Transmitting from one generation to the next the genetic message encoded in DNA is a well-understood concept in biology. There is now increasing awareness that chemical modifications of DNA and associated proteins are also transmitted across generations, and these changes are critical in determining the way the genetic message is read. Detailed understanding of the structures of the proteins that effect these changes is therefore highly coveted information.
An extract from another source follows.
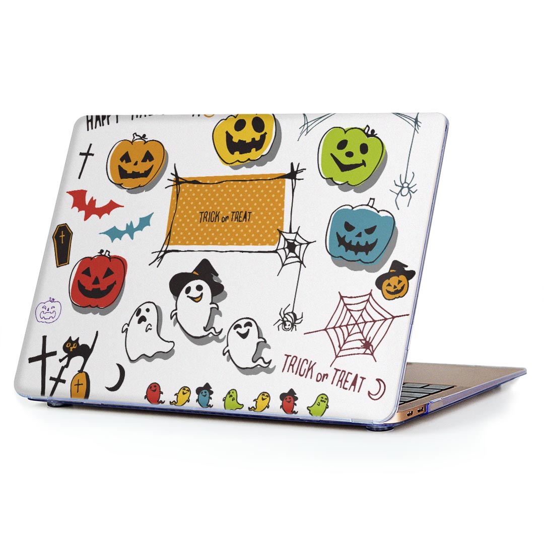 MacBook Air 13inch 2018 専用 デザインハードケース A1932 Apple マックブック エア ノートパソコン カバー ケース ハードカバー クリア 透明 アクセサリー 保護 015414 ハロウィン カボチャ お菓子 英字 おばけ

Thanks to the efforts of a research team from Eli Lilly and Company, with the help of the Lilly Research Laboratories Collaborative Access Team (LRL-CAT) beamline 31-ID at the U.S. Department of Energy Office of Science’s Advanced Photon Source, the structure of an important methylation enzyme is now known.
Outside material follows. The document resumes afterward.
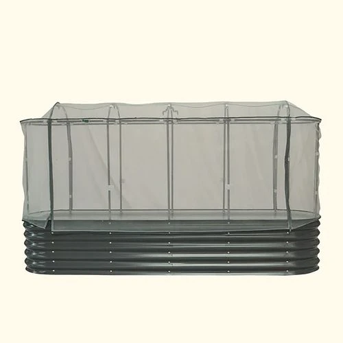 The Vego Garden Modular Cover System keeps pests out but allows air, sunlight, and moisture in; and the irrigation system, with adjustable mister nozzles, works with a standard garden hose to gently mist your plants. This Mesh Cover fits the 2′ x 8′ configuration of the 9 In 1 Modular Metal Raised Bed.

A prime example of chemical modifications is the addition of a methyl group (methylation) to the side-chain of arginine residues of proteins, dramatically altering their activity and interactions. Aberrant methylation has been linked to a wide variety of diseases, most notably cancer.

The Lilly research team investigated a protein from a group of enzymes known as protein arginine methyltransferases (PRMTs), which play important roles in cell signaling, gene regulation, and the transport of proteins and nucleic acids.

The team focused on PRMT5, which had been previously shown to be part of a complex of partner proteins that help regulate its function and specificity. Because enhanced levels of PRMT5 have been observed in various types of cancer, it is a focus of anti-cancer drug research.

In particular, the researchers were interested in how PRMT5 interacts with methylosome protein 50 (MEP50), known to be a critical mediator of binding with other members of the protein complex and with substrates. Phosphorylation of either MEP50 or of PRMT5 itself can control methyltransferase activity of PRMT5. Activation of the methyltransferase activity of PRMT5 was known to prolong survival of tumor cells while mutants that disrupt its association with MEP50 inhibited that methyltransferase activity.

Since MEP50 activity has been linked especially to ovarian and prostate cancer, details of its structure and modes of interaction with PRMT5 and other members of the binding complex are prime targets of current research.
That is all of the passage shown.